HExos shifted microglia/macrophage polarization from M1 to M2 phenotype through delivering miR-216a-5p in vivo
To study the role of miR-216a-5p in the development of HExos-mediated functional behavioral recovery as well as microglial/macrophage polarization after SCI in vivo, we carried out several experiments. Firstly, through a series of functional behavioral experiments including BMS score, footprints analysis, and lesion volume analysis, we found that administration of miROE-HExos could promote functional recovery and reduce lesion volume. In contrast, treatment of miRKD-HExos could abolish the beneficial functional effects seen with HExos (Additional file 3: Figure S3). These above results indicated that HExos promoted functional behavioral recovery through delivering miR-216a-5p. Then, we continued to investigate that functional role of miR-216a-5p in the mediation of microglia/macrophage polarization. As shown in Fig. 6 a and c, the concentration of pro-inflammatory cytokines was downregulated and anti-inflammatory cytokines were upregulated in the spinal cord tissues when administrating miROE-HExos compared with miR-NCOE-HExos. However, the results were the opposite with miRKD-HExos treatment. To detect the effects of miR-216a-5p on microglial/macrophage polarization, M1 and M2 marker levels were detected by qRT-PCR and western blot analysis. The results showed that miROE-HExos facilitated the polarization of microglia/macrophage from M1 to M2 following SCI and miRKD-HExos accounted for the opposite effects (Fig. 6b, d, e, f). Accordingly, the immunofluorescence results confirmed the results obtained by qRT-PCR and western blot analysis (Fig. 6g).

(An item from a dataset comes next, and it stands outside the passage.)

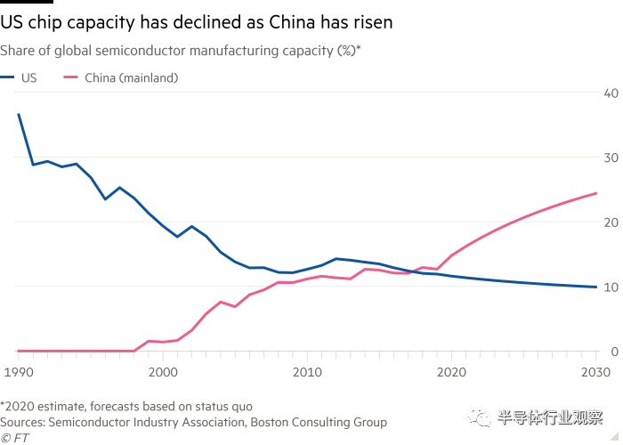 据英国金融时报报道,美国在全球芯片制造产能中所占的份额从1990年的37%下降到了2020年的12%,而欧洲在此期间下降了35个百分点,降至9%。中国大陆的市场份额从几乎没有扩大到15%,这一数字预计在未来十年将增长到24%。
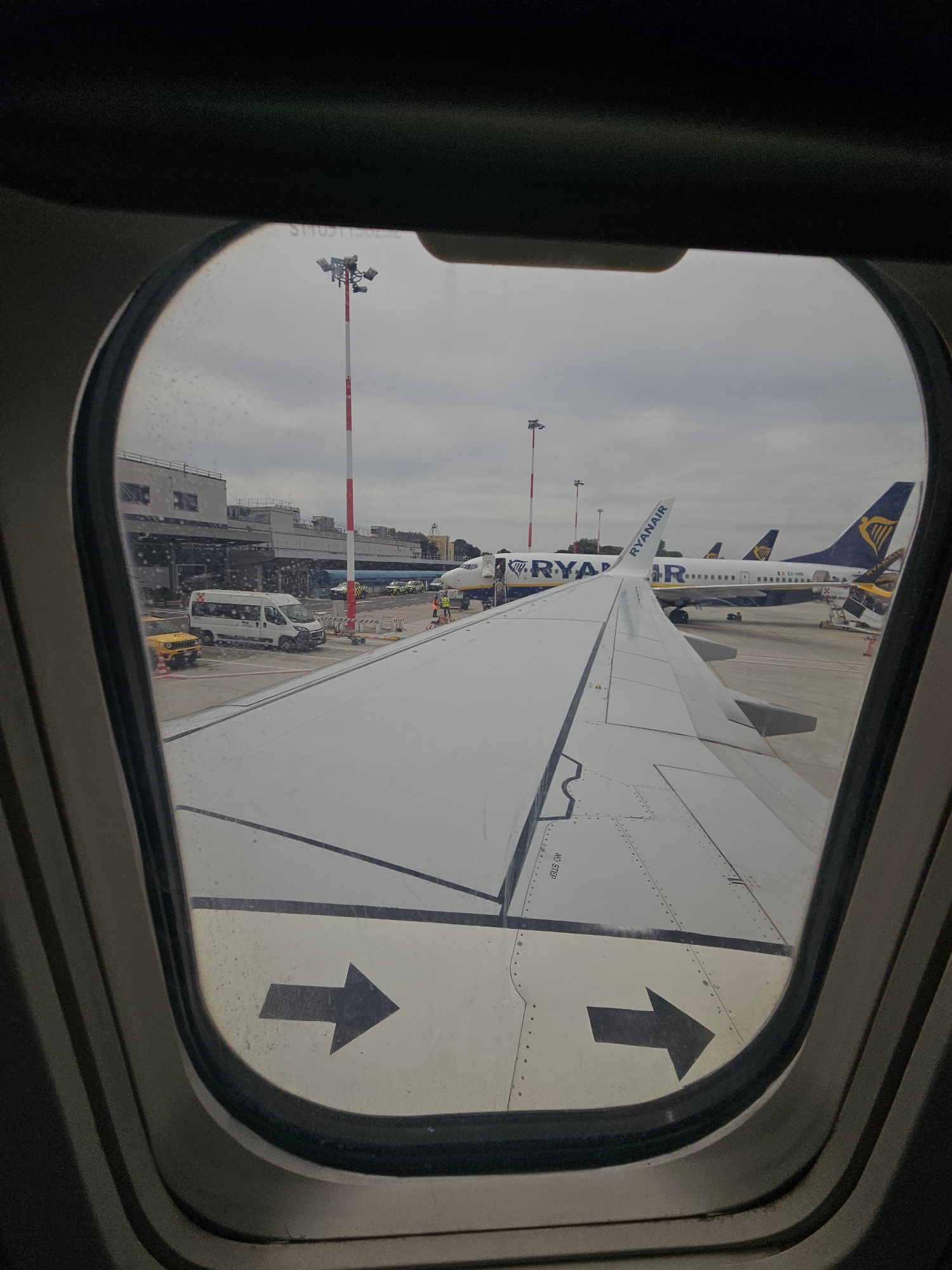 The image shows an airplane wing as seen through an airplane window. The plane is a Ryanair plane. Another Ryanair plane is visible in the background. The plane is on the ground near an airport buildi…read more

HExos shifted polarization from M1 to M2 in BV2 microglia and primary microglia through shuttling miR-216a-5p in vitro
To explore the underlying mechanism for HExos shuttling of miR-216a-5p to modulate the microglia phenotype, we carried out a series of experiments in the BV2 and primary microglia in vitro. In these experiments, we administered miR-NCOE-HExos and miROE-HExos into BV2 microglia and miR-NCKD-HExos and miRKD-HExos into primary microglia. Using ELISAs, we found that the pro-inflammatory cytokines decreased and anti-inflammatory cytokines increased in the miROE-HExos group (Fig. 7a). The results were the opposite for administration of miRKD-HExos (Fig. 7c). qRT-PCR (Fig. 7b, d), western blot analysis (Fig. 7e, f), and immunofluorescence (Fig. 7g, h, Additional file 4: Figure S4) confirmed that miROE-HExos administration had the ability to shift the M1 phenotype to M2 in BV2 microglia and miRKD-HExos treatment had the opposite effect in primary microglia. Taken together, these results demonstrated that HExos shifted the M1 phenotype to M2 in BV2 microglia and primary microglia by shuttling miR-216a-5p in vitro.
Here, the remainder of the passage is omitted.